Some common digestive enzymes include: 

  • Lipase (found in plants and certain microbes) –A fat digesting enzyme. Lipase is essential for digesting triglycerides, phospholipids, and other fats.
  • Bromelain (found in pineapples) – Bromelain helps to digest proteins, breaking them down into smaller peptides and individual amino acids.
  • Gluten proteases (found in microbes) – These proteases are designed to digest highly resistant proline-rich polypeptides in gluten and casein. These polypeptides can trigger immune system reactions resulting in damage to intestinal tissues, a symptom characteristic of celiac disease.
  • Amylase (found in plants and microbes) – An enzyme that digests starch. Amylase comprises starch- and glycogen-specific enzymes hat help to break down polysaccharides (long strings of sugars that make up carbohydrates) into disaccharides.

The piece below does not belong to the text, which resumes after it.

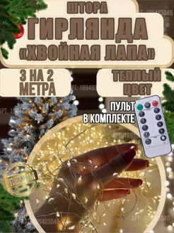 Новогодняя гирлянда штора хвойная лапа 3Х2

  • Amyloglucosidase (found in plants and microbes) – Amyloglucosidase can effectively break down disaccharides into monosaccharide. Amyloglucodsidase should always be taken with amylase to break down carbohydrates.
  • Lactase (found in plants and microbes) – Lactase is the enzyme responsible for breaking down lactose, the main sugar found in milk and other milk porducts.
  • Invertase (found in plants and microbes) – Invertase breaks down sucrose and maltose and smaller fructose and glucose.
  • Phytase (found in plants and microbes) – Phytase breaks down phytic acid, a common component of seeds, nuts, grains, bran, and wheat.
  • Cellulase (found in plants and microbes) – Cellulase helps to digest the plant fiber in fruits and vegetables known as cellulose.4
  • Bicarbonate – Bicarbonate neutralizes the acidity of stomach chyme as it enters the duodenum from the phylorus.
  • Zymogens – Zymogens are precursor enzymes that remained inactive until they are modified into the active form. Once active they can break down protein, fats, or DNA/RNA.
  • Trypsinogen – Trypsinogen is a protease that activates into trypsin in the duodenum and helps to break down proteins.
  • Chymotrypsinogen – Chymotrypsinogen is activated by duodenal enterokinase helps to break down proteins.
  • Carboxypeptidase – This is a protease that takes a terminal amino acid group off of proteins.
  • Various elastases – Elastases are primarily known for breaking down the protein elastin.
  • Various nucleases – Nucleases break down DNAase, RNAase, and other nucleic acids.
  • Pancreatic lipase – This enzyme breaks triglycerides into glycerol and fatty acids.
  • Sterol esterase – Sterol esterase helps to break down fatty acids.
  • Phospholipase – Phospholipase helps to digest phospholipids and break them down into fatty acids and other lipophilic compounds.
  • Pancreatic amylase – This enzyme breaks down alpha-linked glucose polymers like glycogen and starch.
  • Secretin – This hormone decreases gastric emptying while increasing secretion of pancreatic ductal cells.
  • Cholecystokinin – CCK is a unique peptide that is released when chyme contains high fat or protein content. The enzyme promotes bile secretion and stimulates the acinar cells.
  • Gastric inhibitory peptide – Gastric inhibitory peptides is produced by the mucosal duodenal cells in response to chyme that has high concentrations of proteins, carbohydrates, and fatty acids.
  • Somatostatin – This hormone has significant inhibitory effects, including on the secretion of insulin and glucagon.9 

This is by no means an exhaustive list of digestive enzymes, but it does go to show that most of the effective digestive enzymes come from plant sources.